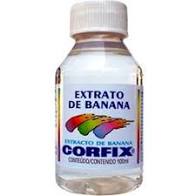 Extrato de Banana 100ml Corfix. Utilizado na diluição e fixação de purpurinas, obtendo-se efeitos metalizados em trabalhos artesanais.
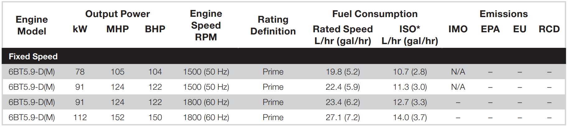 *Average fuel consumption based on ISO 8178 E3 Standard Test Cycle (variable speed models) and ISO 8178 D2 Standard Test Cycle (fixed speed models)
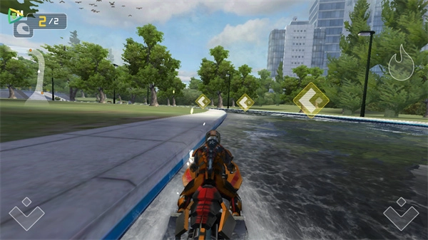 3、每张地图的场景都各不相同,驾驶快艇时需要持续调整方向,如此才能保持最高速度前进。
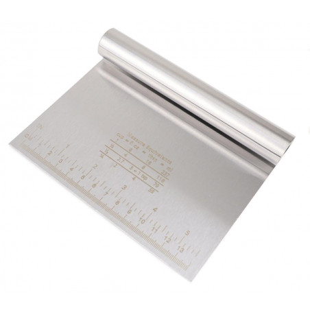 Rozdrabniacz kuchenny do ciasta o szerokości 17,5 cm. Narzędzie przydatne przy pieczeniu i dekoracji ciast, ciasteczek, ale też bułek czy chleba. Ostra krawędź skutecznie kroi. Łatwo podzielisz nią ciasto na porcje lub wykroisz kształt. Skala w centymetrach umożliwia przygotowanie kawałków ciasta o odpowiedniej długości lub szerokości. Precyzyjnie odmierzysz więc również masę cukierniczą na dekoracje. Dzięki temu np. dokładnie pokryjesz dno blaszki do pieczenia lub ozdobisz tort. Wykonanie ze stali nierdzewnej oznacza trwałość i odporność na działanie wilgoci czy zniekształcenia. Na długo zostanie w twojej domowej kuchni.
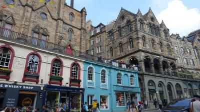 ここからロイヤルマイルに至るウェストボウ通りとビクトリア通りには、19世紀に建てられたカラフルな建物とその上に建つ重厚な石造りの建物が続き、ことのほか美しい。- 旅行時期
******************************
» Requirement
Find the line containing "Rozdrabniacz kuchenny do" in the listing above. Please restate word for word that line through the last one, leaving out the pictures.

» Response to the exercise
 Rozdrabniacz kuchenny do ciasta o szerokości 17,5 cm. Narzędzie przydatne przy pieczeniu i dekoracji ciast, ciasteczek, ale też bułek czy chleba. Ostra krawędź skutecznie kroi. Łatwo podzielisz nią ciasto na porcje lub wykroisz kształt. Skala w centymetrach umożliwia przygotowanie kawałków ciasta o odpowiedniej długości lub szerokości. Precyzyjnie odmierzysz więc również masę cukierniczą na dekoracje. Dzięki temu np. dokładnie pokryjesz dno blaszki do pieczenia lub ozdobisz tort. Wykonanie ze stali nierdzewnej oznacza trwałość i odporność na działanie wilgoci czy zniekształcenia. Na długo zostanie w twojej domowej kuchni.
 ここからロイヤルマイルに至るウェストボウ通りとビクトリア通りには、19世紀に建てられたカラフルな建物とその上に建つ重厚な石造りの建物が続き、ことのほか美しい。- 旅行時期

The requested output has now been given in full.